Sunday, April 27, 2014

Glass #FlashFiction

There was a shard of glass on the top staircase where I used to sit and tie my shoes every morning before school. Mother had warned me that you could never clean up broken glass with a broom and dustpan. You needed a vacuum, a Hoover in her days. Now I used the Dyson she bought me last Christmas. But there was something about that shard of glass on the steps that made me not want to pick it up. Maybe I enjoyed perseverating on memories as I settled into my parents’ house, my inheritance, with a strange mix of guilt and justice. I stared at the shard for a moment longer, appreciating the rainbow colors that reflected in the odd angle cuts. Then, I walked out to the glass room, the room of all windows at the end of the house.  
I sat in the rocking chair, the rocking chair where I remembered my dad sitting last year, sitting and listening to Chicago while he told me about RGIII being the hope for the Redskins, that this was going to be their year. He had said the same thing about another rookie bringing back the Redskins the year before. Sitting in my dad’s place now, I looked at the chair where I had sat last year, turned around with my knees pushing in to the cushion. I thought about the fact that I had no one to yell at when they dug their knees into my couch cushions. I thought about the fact that I had no one to listen to my stories and eat my food. I thought about the fact that my dad had never gotten to hold a grandchild, and that I wanted nothing more in that moment than for him to see me as a mother with a beautiful baby on my hip. I wanted nothing more than for him to wrap his loving arms around both of us. But we couldn’t do those things now. I couldn’t live my life on regrets.

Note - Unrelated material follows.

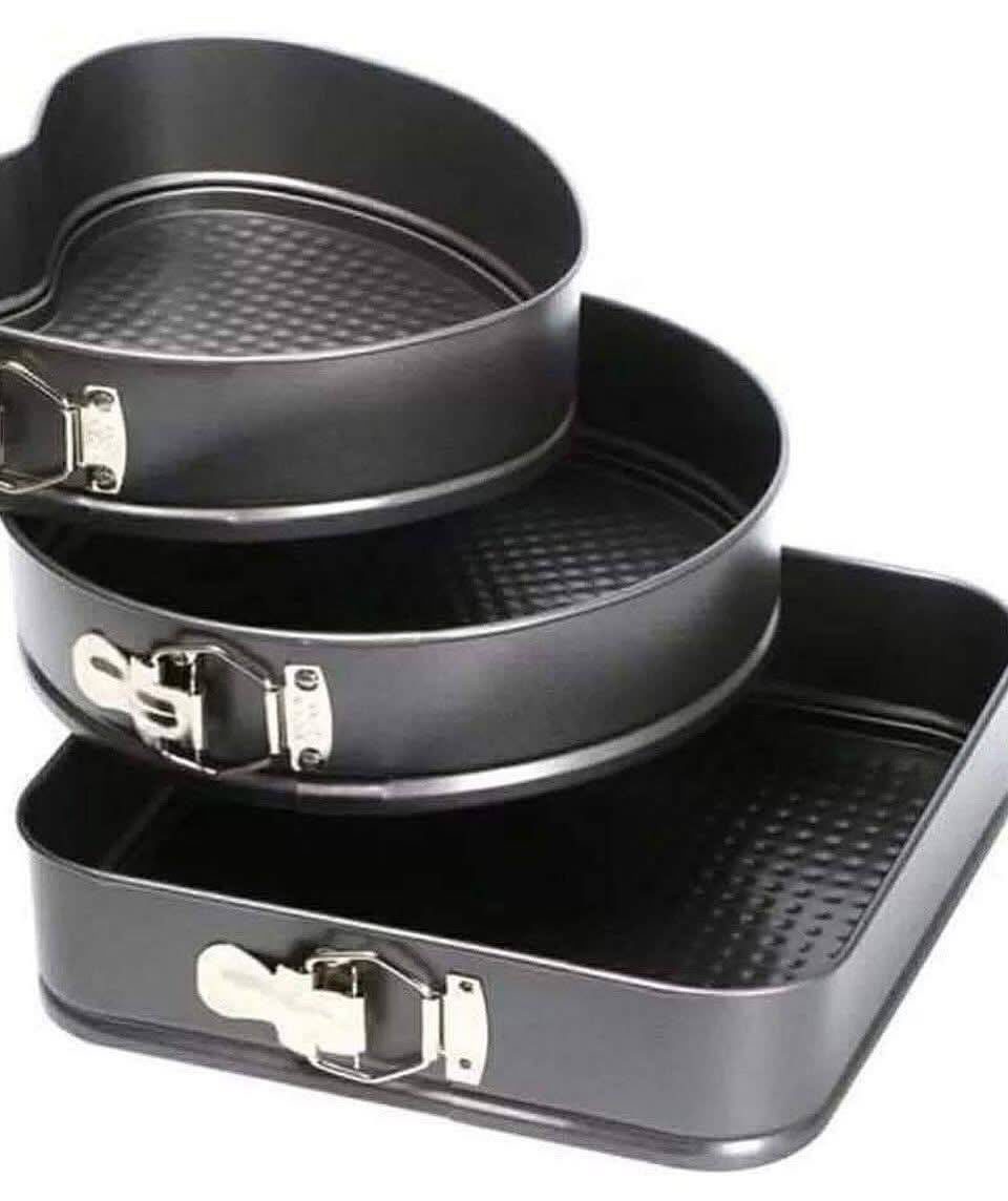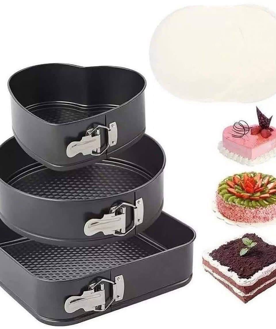🎂 طقم صواني تشيز كيك كلبس تيفال – 3 قطع (مدور • مربع • قلب) ❤️

I was walking in the park, and I saw a boy running around with no shoelaces. The tongues of his red shoes were flapping around as he chased around no one in particular, maybe an imaginary friend. He didn’t care that he had no shoelaces. He didn’t care that he was by himself. His smile was broad, and his movements were carefree. I walked up to the boy and told him that his shoelaces were untied. He looked at me and laughed before shyly ducking his blonde head and running to his mother knitting on a park bench.
I walked on. I noticed a bottle ahead in the distance, a large one that looked like a large fat cylinder on top of a short skinny one. I imagined someone had been drinking iced tea out of it on the day before, a warm spring day. I walked up to the bottle and nudged it with my foot. I picked it up and moved to throw it in the trashcan, but then the thought of recycling popped into my head. Guilt made me hang on to the bottle. I passed another trashcan, but no recycling bin. I saw the boy with no shoelaces again, flying a kite with his mother. I kept walking and not seeing recycling bins, so I knew I was at a crossroads. Keep looking, possibly in vain, or go home where recycling bins were plentiful? I decided to walk home.
I had the bottle in my hand when I pulled open the sliding glass door to the window room. I saw you sitting in the rocking chair, seemingly alone, but, like the child, you didn’t care. Were you there with your imaginary friends? Were they walking backwards, causing mischief, and generally helping you to retreat from a world that could level us with its boredom? No, you were just staring, but then you spoke. I still had the bottle in my hands. You told me that our marriage wasn’t working for you. I asked if there was someone else. You told me no, but I could read the subtexts that had been piling up. I folded a woman’s black T-shirt from the Gap. I didn’t own any black T-shirts. I found a black, lacy G-string inside of one of your shoes. I definitely didn’t own any G-strings. I thought about all of this, but I said nothing. I lost my parents a month ago, but I had lost you long before that. I thought about the complicated pretense, the strict, anxious, and depressing life I had lived to hold everything together when it felt like my world was crumbling around me, and I would be very much alone. I thought about the simplicity of a black T-shirt and a black thong. I wanted that simplicity. I deserved it. You had taken it from me. I threw the bottle, but not at you, I threw it across the room. It was a warning signal. A sign for you to take your shit and leave.
But you didn’t get it. You got up from the rocking chair and tried to hug me; like there was something worthwhile you had to give me. All I could do was to tell you to leave. You cleaned up the broken glass, all except that one piece that you missed on the staircase. You packed your things and left, and, when you were finally gone, I let the emptiness and the loneliness flow over me. I sat in that rocking chair and wrapped the blue and gray diamond patterned blanket around my shoulders. Tears streamed down my face, but I didn’t sob. It was a cry of relief. I could hear my own thoughts again.

I looked out of one of the windows and saw a squirrel scampering from the tree to the deck and back again. I thought back to the time when I was a child and we had to raise two baby squirrels that had been abandoned by their mother. We bottle-fed them. One of the squirrels thrived. Her name was Buttercup. We released her to the wild when she was big enough. I wondered if the squirrel I saw could have been Buttercup. I thought about children who were separated from their parents at birth. I thought about the mothers who said they would always recognize their own child. I wondered if it was true. I walked up to the glass. I could see myself in it. I could see my mother in there too.